After I started getting enough calories, enough fat and carbs and protein, I was suddenly able to focus and to hold a conversation again. I found sleep — lovely, languid sleep — and woke up feeling rested and happy. 

I had the physical and emotional energy not just to get through a day, to survive it, but to experience and enjoy it. My hair and nails and skin recovered. 

Given the food it needed and wanted, my body repaired itself. It forgave me all of my cruelty and neglect, the torturous punishments I had put it through for so long, when all it had done was try its hardest to keep me alive. 

After I left my eating disorder behind, I still struggled with body image. The constant daily barrage of You-Must-Be-Thin-and-Beautiful messaging did not disappear. The people around me did not all suddenly give up their restrictive diets and disordered attitudes toward their own bodies. I still felt anxiety around weight and had to actively work on combatting the decades of toxic education I had received and perpetuated for myself. But I had tools and coping mechanisms.
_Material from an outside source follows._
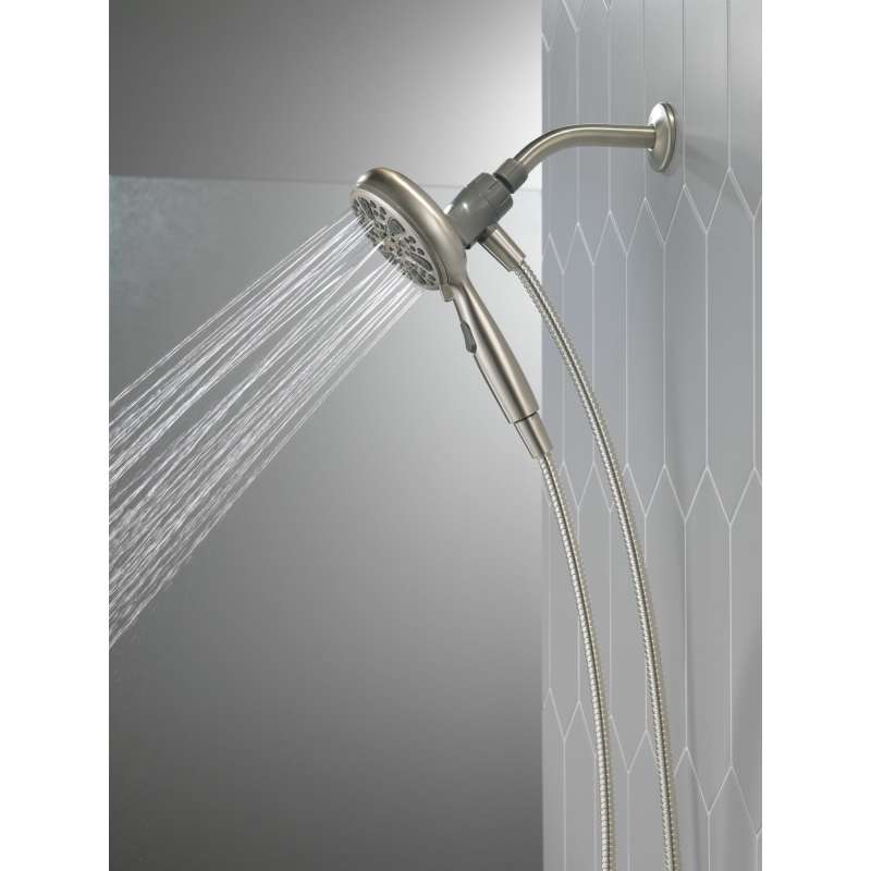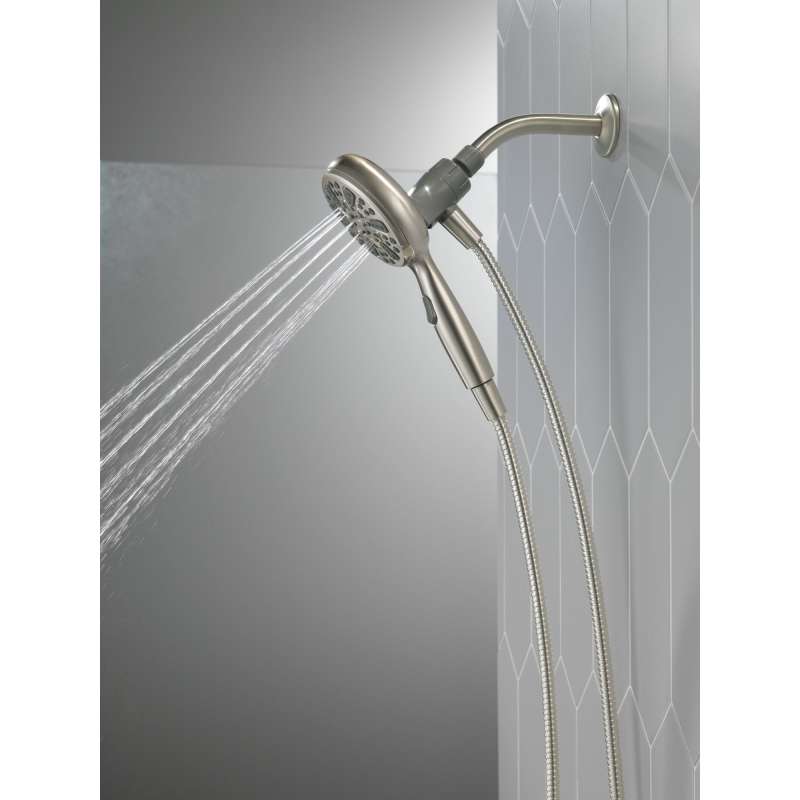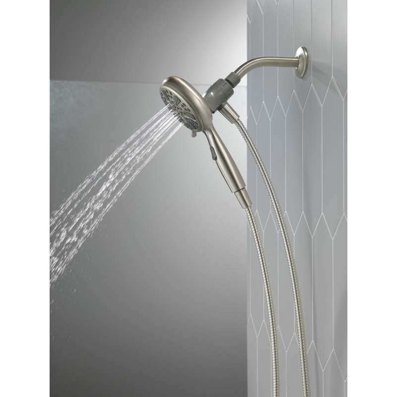Experience a better shower with the control and flexibility of a Delta hand shower. Great for showering yourself or your loved ones and pets, as well as for keeping your shower and tub clean. SureDock Magnetic Hand Showers bring reliable docking within reach. An integrated magnet on the back of the hand shower snaps your hand shower into place and holds it there, so it stays docked when not in use and doesn’t droop over time. While other products may gather unsightly mineral build-up over time, Delta soft rubber Touch-Clean spray holes allow any mineral residue to simply be wiped away for an instantly refreshed look — with no need for soaking or the aid of chemical cleaners. The pause setting gives you ample space for shaving, lathering and other shower tasks, without worrying about overspray or water waste. This spray setting helps you conserve water, so you can worry less about depleting your supply of hot water — and you help the environment too. Delta WaterSense labeled faucets, showers and toilets use at least 20% less water than the industry standard — helping you save water without compromising performance.

I was able to show my body kindness, generosity, patience, and love — even on the bad days.

After I began my recovery, I had time for things other than starvation. I built my friendships. I started to write. I fell in love. Now instead of hiding, instead of eating little spare snacks alone and going for compulsive late-night runs, I share beautiful meals and long, slow walks in the sunshine. I am free in ways I had forgotten were possible. Instead of weighing myself, taking comparison photos, I reflect on all of my Before and Afters. I am careful not to forget what sent me down those roads Before, the ways in which I trapped and sabotaged myself. I know where those roads lead. I know I won’t go back. 

After can be difficult; After can be strange, and unfamiliar, and scary. 

After is where my body is bigger —there’s no way around that simple reality. But that cheesy, too-good-to-be-true promise that everyone in my life kept making turned out to be so true — as I gained the weight, I gained everything good, everything that mattered, everything I had ever dreamed of. 

After is where I live now, and it’s endlessly more full and beautiful than my sad and shrunken Before could ever have imagined.